▶ _WHAT THE TASK REQUIRES_
Begin at the line holding "苹果汽车 AR 挡风玻璃概念图|Patently Apple" and set down exactly each line through the last one below, omitting pictures. Include nothing else.

▶ _Items from a data source_
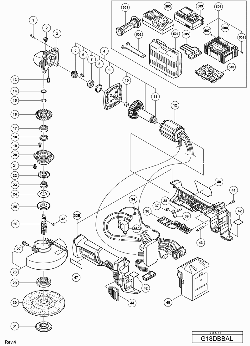 Lista de las piezas de repuesto de Hikoki G18DBBALWQZ
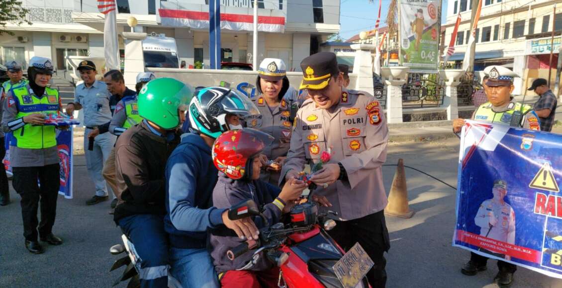 Dalam operasi ini, pemotor yang tertangkap tidak menggunakan helm standar SNI diberikan helm gratis sebagai bentuk peringatan. Sementara itu, pengendara roda empat yang tidak menggunakan sabuk pengaman diberi cokelat dan bunga sebagai pengingat untuk lebih memprioritaskan keselamatan.
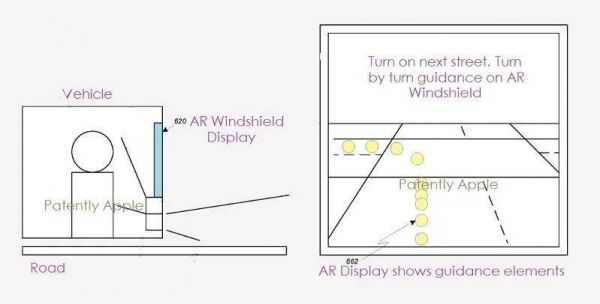 苹果汽车 AR 挡风玻璃概念图|Patently Apple
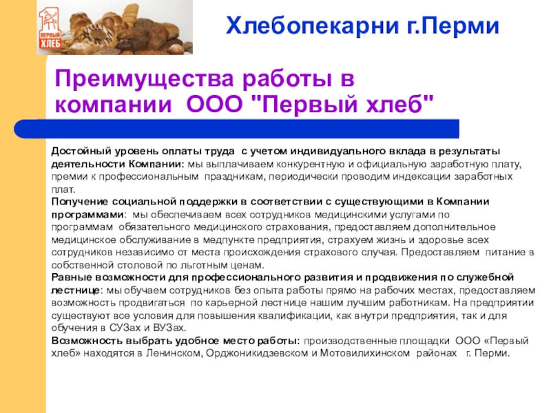 Возможность выбрать удобное место работы: производственные площадки ООО «Первый хлеб» находятся в Ленинском, Орджоникидзевском и Мотовилихинском районах г. Перми.
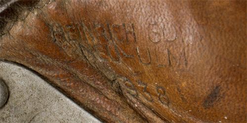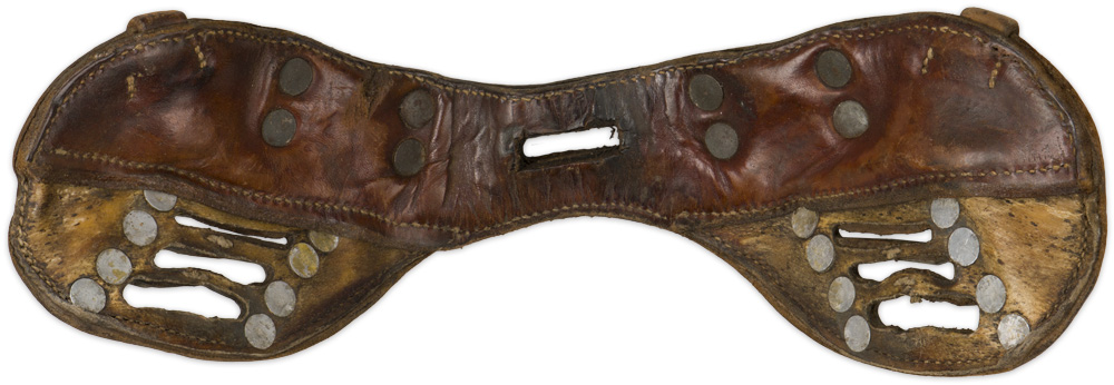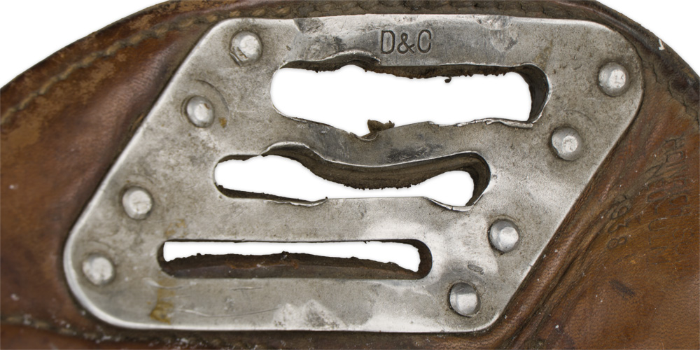 PHYSICAL DESCRIPTION: Central coupling device for the left and right saddle bags. Leather and tooled steel construction. Roughly 43cm x 13cm. Complete with all hooks and straps. Maker marked and dated for 1938. Shows period use and age.

▶ _TASK ANSWER_
 苹果汽车 AR 挡风玻璃概念图|Patently Apple
 Возможность выбрать удобное место работы: производственные площадки ООО «Первый хлеб» находятся в Ленинском, Орджоникидзевском и Мотовилихинском районах г. Перми.
 PHYSICAL DESCRIPTION: Central coupling device for the left and right saddle bags. Leather and tooled steel construction. Roughly 43cm x 13cm. Complete with all hooks and straps. Maker marked and dated for 1938. Shows period use and age.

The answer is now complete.